Halvir segera memperjelas memberikan klarifikasinya, sebagai Manusia Buas yang selalu menjunjung tinggi kehormatannya, tentu di kata-kata pembohong membuatnya kesal.

''Maaf kak,'' sahut Anindira tulus tapi dia juga dengan tegas menegaskan kembali pemikirannya, ''Tapi kenapa aku merasa kau seperti sedang mempermainkan aku?'' tanya Anindira menyelidik, ''Kalau kak Halvir empat puluh lima tahun, dan kak Hans lebih muda sepuluh tahun, berarti kak Hans tiga puluh lima tahun. Apa kalian sedang bermain Black Orchid seperti di film Anaconda?!'' seru Anindira tidak percaya, dan tetap dengan ingin minta penjelasan, itu adalah salah satu dari sifat keras kepalanya yang selalu suka mengobservasi.

''Apa itu ''Black Orchid''?'' tanya Halvir.

''Obat abadi, yang bisa membuatmu awet muda!'' seru Anindira menjawab dengan ketus.

''Ah! berarti di tempatmu, di sebut seperti itu?!'' jawab Halvir santai, dia semakin geli melihat ekspresi Anindira yang malah semakin cemberut karena jengkel.

''Ha?!. Memang benar ada?'' seru Anindira bertanya, sekarang dia malah sangat antusias, tapi sesaat kemudian wajahnya kembali cemberut.

''Ya, walau tidak bisa di sebut abadi, tapi membuatmu selalu tampak muda itu betul…'' jawab Halvir yang semakin tersengih melihat wajah konyol Anindira.

''Kak!'' seru Anindira memanggil dengan ketus, ''Apa aku sebodoh itu?!'' seru Anindira bertanya dengan mata melotot, ''Senang membuatku terlihat bodoh?!'' seru Anindira melanjutkan.

Anindira kemudian segera keluar dari dekapan Halvir, mengubah posisi jadi berhadap-hadapan sekarang.
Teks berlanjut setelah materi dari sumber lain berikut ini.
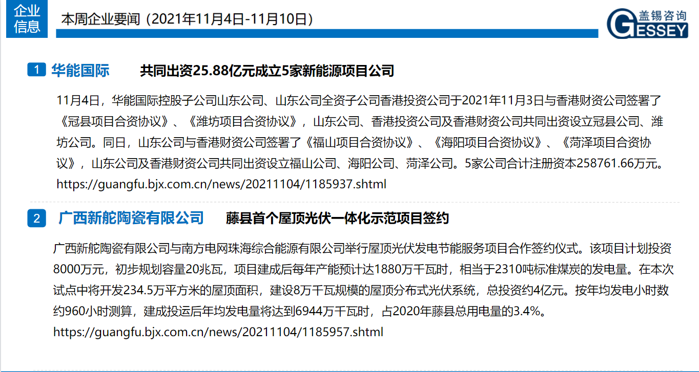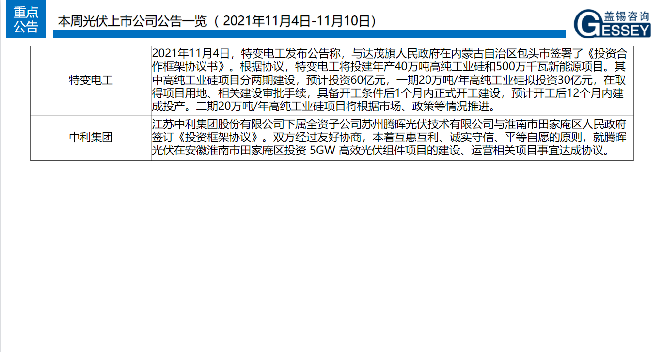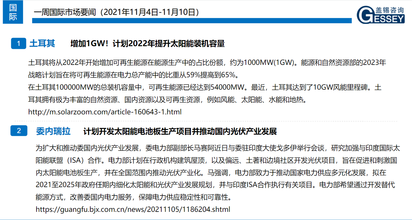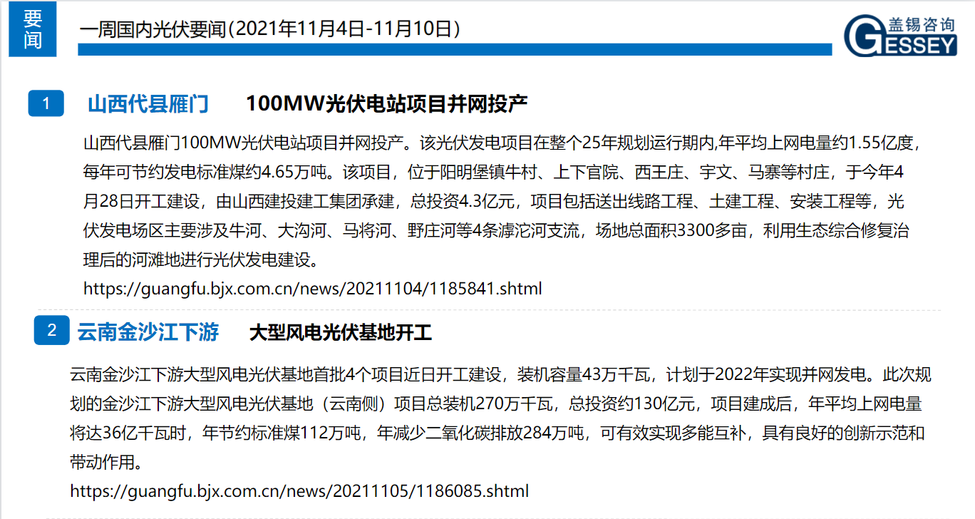 一周光伏市場洞察(2021年11月04日-11月10日)
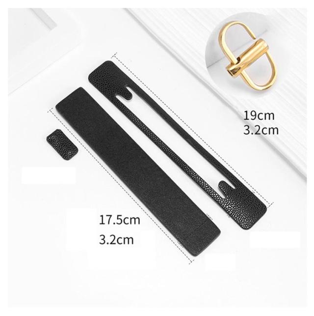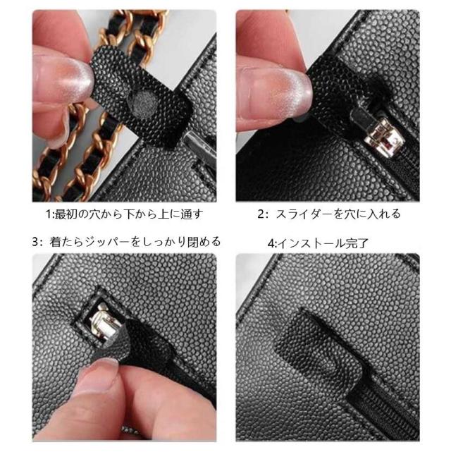 | サイズについての説明 | 4点セット:チェーン擦れ防止プロテクター1個(3.6*1.2cm)+型崩れ防止チャックカバー1個(19*3.2cm)+型崩れ防止底板1個(17.5*3.2cm)+ バックル1個 ※実寸はメジャー採寸の為、若干の誤差が生じる場合があります。 |

Padahal, walau seperti itu posisinya, Anindira tetap tidak bisa melihat apapun dalam kegelapan malam.

''Kak... kau senang melihat wajah bodohku?'' tanya Anindira lagi, semakin manyun bibirnya karena kesal, ''Kau pasti senang, bisa melihat semuanya di kegelapan ini, terlihat olehmu sekarang?! Aku sedang kesal…'' seru Anindira dengan nada ketus, dia berekspresi jelek sekali, meluapkan kekesalannya.

''Hahaha... '' Halvir tertawa, tidak terbahak-bahak tapi jelas dia sedang tertawa, walau hanya suaranya yang terdengar oleh Anindira.

''Kak Halvir!... Kau tertawa?!... Kau jahat, kau mempermainkan aku... Jahat, kau mengerjaiku, hampir saja aku percaya…'' seru Anindira merengek-rengek sambil menggoyang-goyangkan bahu Halvir.

Lagi-lagi wajahnya mendekat ke wajah Halvir, nyaris tidak ada jarak antara wajah mereka, membuat Halvir kehilangan kesabarannya.

CUP

Sebuah ciuman singkat mendarat di bibir Anindira.

Anindira yang sedang merengek tiba-tiba berhenti, dia mematung dengan wajahnya yang memanas, Anindira merasa heran karena dia senang menerima kecupan itu dari Halvir. Di masa lalu, jangankan mengecupnya, memegang tangan Anindira tanpa izin bisa di banting olehnya, mengingat dia pemegang sabuk hitam Jujitsu.

Halvir segera memegang kedua bahu Anindira, memutarnya dan membuatnya duduk ke posisi awal.

Halvir takut, jika Anindira terus menatapnya seperti itu, dia bisa kehilangan kendali. Karena gelap, Anindira sama sekali tidak tahu kalau wajah Halvir sekarang sedang mengeluarkan 'asap', kulitnya memerah seperti kepiting rebus.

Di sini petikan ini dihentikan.